Ottways students wear period costumes for their performance.

By Sarah Baker
On November 12-13, The Knoxville Civil War Roundtable presented its annual Living History Weekend at Fort Dickerson Park.  The free event included many activities such as infantry firing and drilling, a Civil War medical exhibit, ladies fashions, and an incredible stringed instrument performance by Conny Ottway and her students.
Approximately 20, from the age of 6 to adult, performed fiddles, guitars, and mandolins.  The setting couldn’t have been more perfect.  Between the autumn leaves, the angles of the hills, and the period costumes, Ottway’s audience felt like they’d stumbled onto the set of “Cold Mountain.”  Her students were focused and reverent as they played familiar tunes such as “Dixie,”  “Old Joe Clark,” and “Skip to My Lou.”  Fort Dickerson is located off of Chapman Highway and visitors can see Neyland Stadium through the trees.  On Saturday, folks could hear the fireworks whenever the Vols made a touchdown.  Each time this occurred Ottway and her students stopped whatever they were playing and commenced to playing “Rocky Top.”

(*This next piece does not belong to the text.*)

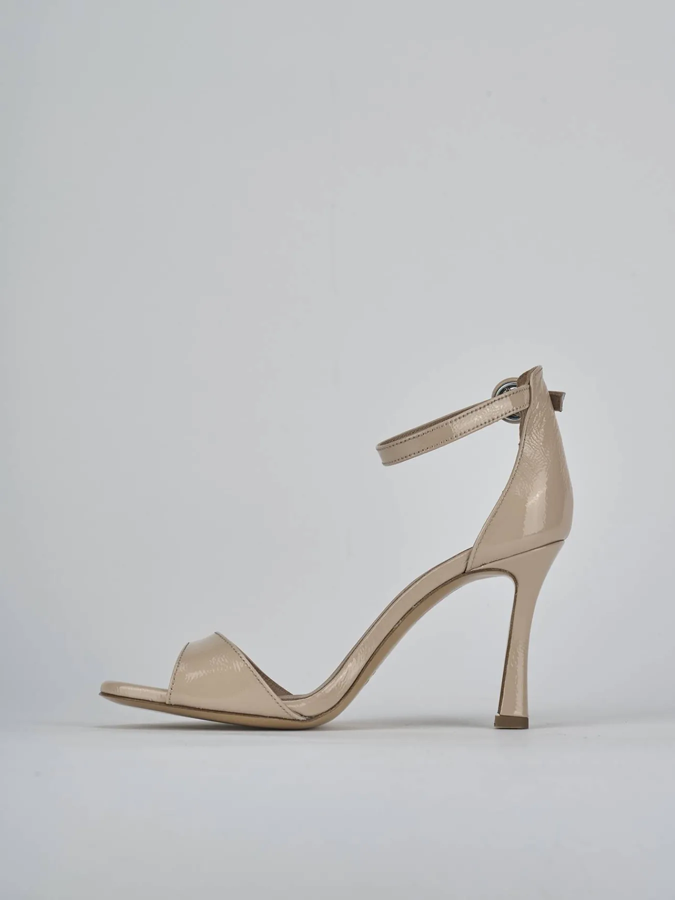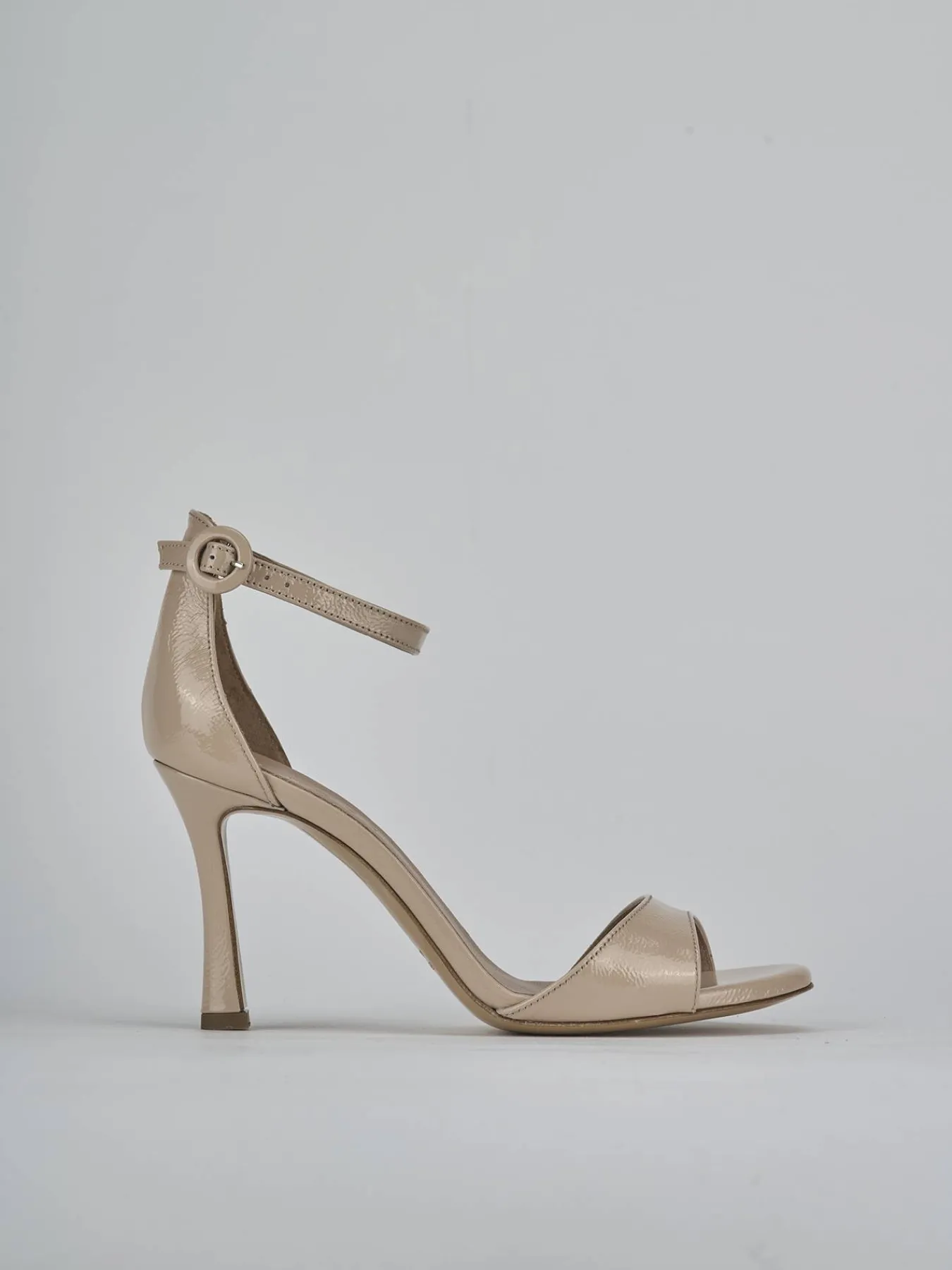 Sandalo tacco 9 cm fondo in cuoio e soletto interno in vera pelle. Tomaia in morbida pelle effetto verniciato, punta affusolata, fascia unica taglio svasato, cinturino in caviglia e tacco rocchetto. Perfetto per un’occasione speciale.

Conny Ottway is a private music instructor in Farragut who has over 30 years teaching experience.   She also has extensive experience organizing musical ensembles and events, judging music and talent competitions, and working with young people in other capacities.  She has co-written and recorded a Bluegrass Fiddle Book with flatpik musician Steve Kaufman.  “She’s such a good teacher, so kind and patient with the children she teaches,” said Elaine Hood, whose grandson Archer, 7, takes lessons from Ottway.
Susannah Sayre’s daughter, Natalie, who’s 8, just started playing in August.  “I think it’s great for music students to use their skills in a group setting and play and to start an interest in history, to fuel an interest in the Civil War through music and costumes.”